The latter is especially crucial in today’s market, where sustainability is highly valued by customers.
That’s why identifying suppliers that follow sustainability practices has never been more important to survive in the competitive business environment.
Once you start working with such suppliers, relying on data can further help you negotiate better deals and establish successful partnerships.
As you can see, big data can positively impact your decisions on who you will work with, negotiate more favorable terms with those suppliers, and finally, build strategic partnerships with them.
All this ultimately improves your procurement bottom line.
The last way in which big data improves your procurement bottom line we’re going to cover today is by helping you save resources.
Saving resources goes beyond identifying excessive spending, which we discussed at the beginning of this article.
Many organizations spend more resources due to inconsistent procurement processing, bottlenecks in approval workflows, and a lack of visibility.
All because they do many of their processes manually.
Let’s take approval workflows as an example.
Every stage of procurement requires some approvals, from purchase requisitions, purchase orders, and contracts to invoices.
Approvals often have to come from other departments, such as finance, legal, or even executive management.
Evidently, this process involves many steps, and if approvals for each step are done manually, it simply takes too much time. And time is money.
So, what can big data do here?
First, if you analyze your historical data, specifically approval cycles, you can identify inefficiencies in the process.
Then, you can use this knowledge and improve the approval workflow.
What’s more, when you start automating approvals, the tools used will generate a wealth of data that you can analyze and optimize the process further.
In addition, automation will allow visibility so everyone included in approval-making will be able to do it then and there.
This will shorten the approval workflow and save you time and money because there won’t be extra delays.
According to Deskera, big data will go even further in approval workflows.
Namely, machine learning and artificial intelligence capabilities within big data tools will not only predict approval timelines and identify bottlenecks but also automate the overall decision-making.
Beyond approval workflows, big data analytics tools can streamline other repetitive tasks.
One is collecting data in the first place and performing analysis.
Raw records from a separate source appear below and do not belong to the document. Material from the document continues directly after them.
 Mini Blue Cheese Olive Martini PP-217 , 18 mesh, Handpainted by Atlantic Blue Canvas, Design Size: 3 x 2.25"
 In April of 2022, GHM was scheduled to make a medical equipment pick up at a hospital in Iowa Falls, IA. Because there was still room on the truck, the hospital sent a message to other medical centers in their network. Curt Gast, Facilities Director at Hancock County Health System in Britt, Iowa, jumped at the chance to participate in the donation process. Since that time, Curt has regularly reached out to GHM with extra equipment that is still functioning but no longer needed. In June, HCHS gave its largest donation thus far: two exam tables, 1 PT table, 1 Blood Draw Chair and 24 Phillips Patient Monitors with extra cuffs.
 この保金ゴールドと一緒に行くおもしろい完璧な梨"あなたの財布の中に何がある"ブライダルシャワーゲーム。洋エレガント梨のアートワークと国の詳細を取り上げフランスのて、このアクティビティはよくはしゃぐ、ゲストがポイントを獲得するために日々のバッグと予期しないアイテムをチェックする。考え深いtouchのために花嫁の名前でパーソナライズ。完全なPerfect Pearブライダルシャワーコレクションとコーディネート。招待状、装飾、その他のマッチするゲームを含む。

By using automated systems like cloud-based platforms that are designed to gather, process, and analyze big data in a matter of seconds, you can avoid wasting resources for doing it manually.
Just collecting internal procurement data takes procurement professionals too much of their precious time.
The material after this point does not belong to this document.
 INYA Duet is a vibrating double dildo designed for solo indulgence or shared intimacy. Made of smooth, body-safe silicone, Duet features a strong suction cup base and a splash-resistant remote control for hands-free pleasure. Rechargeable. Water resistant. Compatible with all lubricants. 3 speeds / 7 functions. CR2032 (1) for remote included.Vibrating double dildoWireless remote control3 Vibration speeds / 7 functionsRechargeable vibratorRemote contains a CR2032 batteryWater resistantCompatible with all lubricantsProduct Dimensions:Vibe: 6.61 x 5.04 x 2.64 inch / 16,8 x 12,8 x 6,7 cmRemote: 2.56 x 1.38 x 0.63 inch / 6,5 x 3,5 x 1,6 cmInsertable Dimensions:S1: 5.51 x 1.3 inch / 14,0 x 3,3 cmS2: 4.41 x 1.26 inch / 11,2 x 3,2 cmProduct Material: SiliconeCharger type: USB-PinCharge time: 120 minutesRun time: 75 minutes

The survey by Airtable and Forrester revealed that employees spend approximately 2.4 hours each day just searching for data.
And that is an average employee. What about someone who has to deal with large amounts of data from external sources, too?
When you think about it thoroughly, investing in big data and cloud services that you pay-as-you-go is much more cost-effective and less prone to errors, which is another way to save resources.
All in all, big data enables you to automate many procurement processes and, in this way, save more resources.
In addition to identifying excessive spending, this is the best way to improve your procurement bottom line.
Big data is a powerful tool for procurement.
But this isn’t a recent revelation.
As we saw, in 2015 and even earlier, companies already recognized the game-changing potential embedded in big data, which has only intensified with time.
From identifying and reducing excessive spending to enabling automation to save time and resources, big data is and will remain crucial for improving procurement bottom line and overall organizational efficiency.
Now is the time to introduce it in your procurement!